Indicate by check mark whether the registrant is a shell company (as defined in Rule 12b-2 of the Exchange Act). Yes ¨ No x.
Issuer’s revenue for the quarterly period ended June 30, 2006: N/A
The aggregate market value of the voting stock held by non-affiliates of the registrant as of June 30, 2006: N/A
Shares of common equity outstanding as of June 30, 2006: N/A
* | This Form 10-QSB also covers 729,517 shares of the Registrant’s 8% Convertible Preferred Securities as of June 30, 2006, which were registered under the Securities Act of 1933, as amended, pursuant to a registration statement declared effective on July 23, 2001. |
PART I.
FINANCIAL INFORMATION
ITEM 1. FINANCIAL STATEMENTS. (SEE NOTE BELOW)
ITEM 2. MANAGEMENT’S DISCUSSION AND ANALYSIS OF FINANCIAL CONDITION AND RESULTS OF OPERATIONS.

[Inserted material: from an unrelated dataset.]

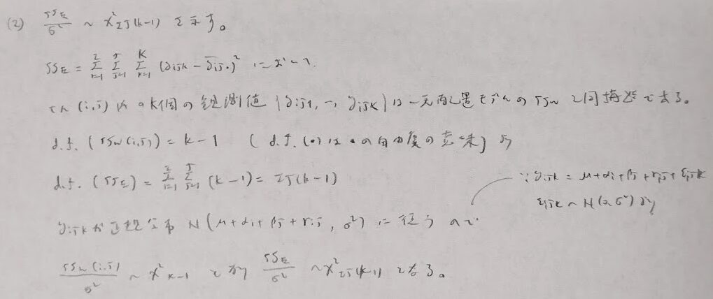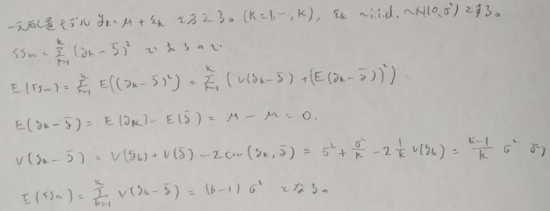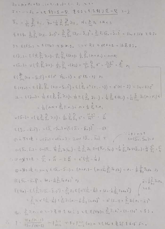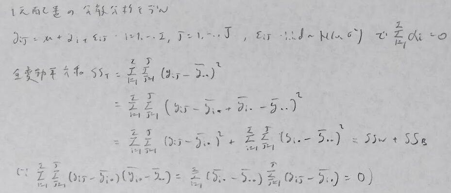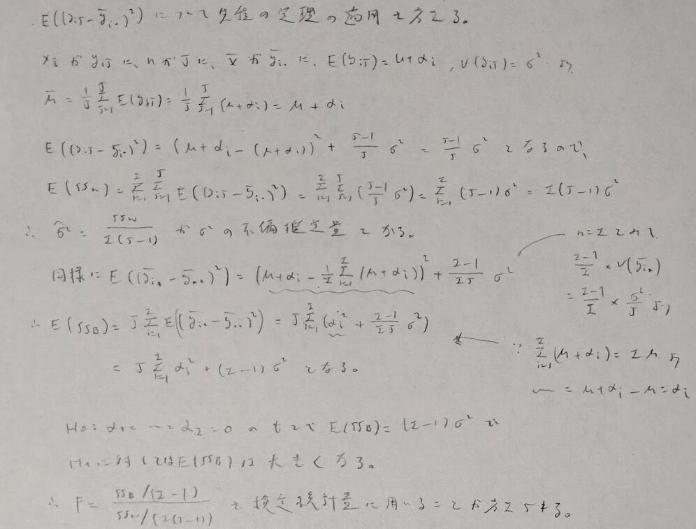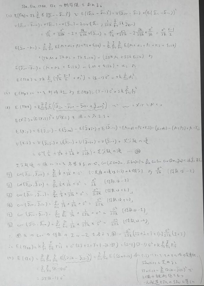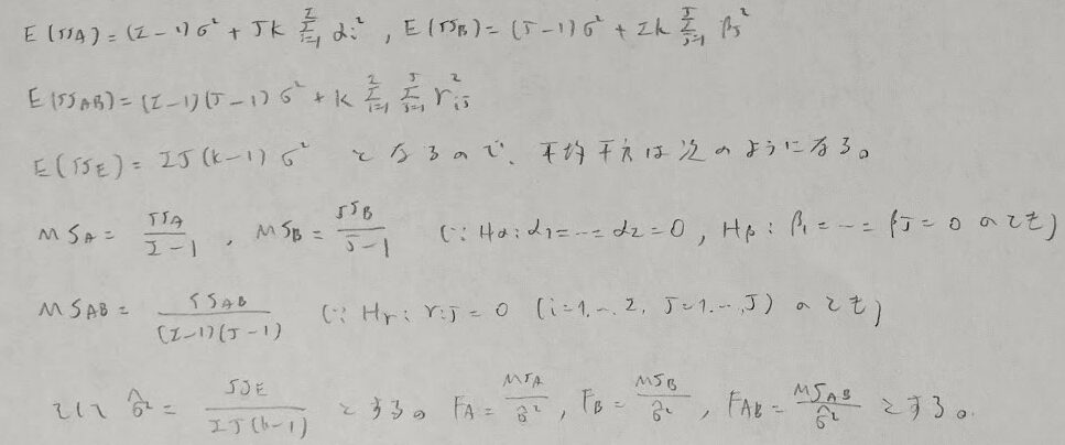 平方和の分解を行ったあとに各平方和の期待値を計算します。その結果、分散分析表に記入すべき事柄が少しずつ見えてきます。

Commonwealth Bankshares Capital Trust I (the “Trust”) is a statutory business trust formed under the Delaware Business Trust Act, as amended, pursuant to a trust agreement, as amended by an amended and restated declaration of trust and a first amendment to the amended and restated declaration of trust (the “Declaration”), and the filing of a certificate of trust with the Delaware Secretary of State on November 15, 2000. The Trust exists for the exclusive purposes of (i) issuing and selling trust securities consisting of 8% Convertible Preferred Securities (the “Preferred Securities”) and common securities (the “Common Securities,” and together with the Preferred Securities, the “Trust Securities”), representing undivided beneficial ownership interests in the assets of the Trust, (ii) investing the proceeds from such issuance in Junior Subordinated Debt Securities (the “Junior Subordinated Debt Securities”) of Commonwealth Bankshares, Inc., a Virginia corporation (the “Corporation”), and (iii) engaging in only those other activities necessary, advisable or incidental thereto. The Trust’s sole assets are the Junior Subordinated Debt Securities, and payments under the Junior Subordinated Debt Securities are the sole revenues of the Trust. Ownership of the Trust is evidenced by $225,315 aggregate liquidation amount of Common Securities, all of which are held by the Corporation, and by $3,647,615 aggregate liquidation amount of Preferred Securities. The Trust makes distributions on the Trust Securities to the extent it receives distributions from the Corporation on the Junior Subordinated Debt Securities. Distributions on the Trust Securities are guaranteed by the Corporation, but only to the extent that the Trust has available funds to pay such distributions.
On July 27, 2001 and August 9, 2001, the Trust invested the proceeds from the sale and issuance of the Trust Securities in the Junior Subordinated Debt Securities. The Trust’s ability to pay distributions to the holders of the Preferred Securities is dependent on its receipt of distributions on the Junior Subordinated Debt Securities from the Corporation. Therefore, upon the receipt by the Trust of payments from the Corporation, the Trust will pass through such payments to the holders of the Preferred Securities.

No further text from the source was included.